I’ve had some time to think about this newsletter and its format, so you will see a few changes here. First of all, I’m now on Substack. This gives me a single destination for all my newsletters to live, and makes it easier for you to read old ones. As you will see below, the essay in each newsletter will be longer but I will be sending these out once a month, on the first Friday of the month. Starting today. As Winter begins, please enjoy this essay about Autumn, which I wrote a few weeks ago.
As Side Note grows, and as I gain more spare time in my weeks, I’d like to increase it to fortnightly and eventually weekly again. Until then, it will remain sustainable in a monthly format. If you would like to support it, you can still make a donation on Patreon, but I don’t expect this kind of support until it becomes fortnightly and eventually weekly. Thanks for being here and I hope you enjoy the newsletters to come.
E.x
In Between
There is a river track I have walked for the last two months with the obsessive compulsivity one would associate with an addict. I walk it early in the morning and late in the afternoon, usually to the sound of the ‘Dissect’ podcast. The podcast, hosted by Cole Cuchna, takes one album by an artist like Frank Ocean or Lauryn Hill and breaks it down, one song per episode. It would bore the shit out of most people but I have analysed song lyrics from as early as I can remember, so stumbling upon it was like finding the gates to heaven. There are eight seasons and around 12 episodes per season and I have listened to each with the same sense of duty I approach the track by the river.
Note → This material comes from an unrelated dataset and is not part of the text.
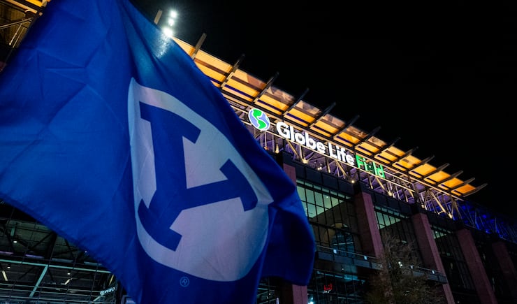 A BYU flag flies in front of Globe Life Stadium during pregame festivities for BYU fans held the day before the Big 12 championship game in Arlington, Texas, on Friday, Dec. 5, 2025. | Isaac Hale, Deseret News

At the beginning of Autumn, I returned to my childhood home and have spent the entire season here. It seems fitting. Autumn has always felt like a transitory season - no longer Summer, not quite Winter - and a transition is what I am currently in. My relationship ended as the season began and I returned to this home to reset and recover. In June the apartment hunt in Sydney will begin, but until then I am Autumn. Sitting in the in between.
There is a psychological term used to describe the ambiguous and often disorienting state that occurs during a transition between one state and the next. This term is ‘liminality’, which was first developed in anthropology and is derived from the Latin word ‘limen’. I first stumbled upon it last year while reading a Sunday Life column by Jamila Rizvi, but it has reemerged to the front of my mind for obvious reasons.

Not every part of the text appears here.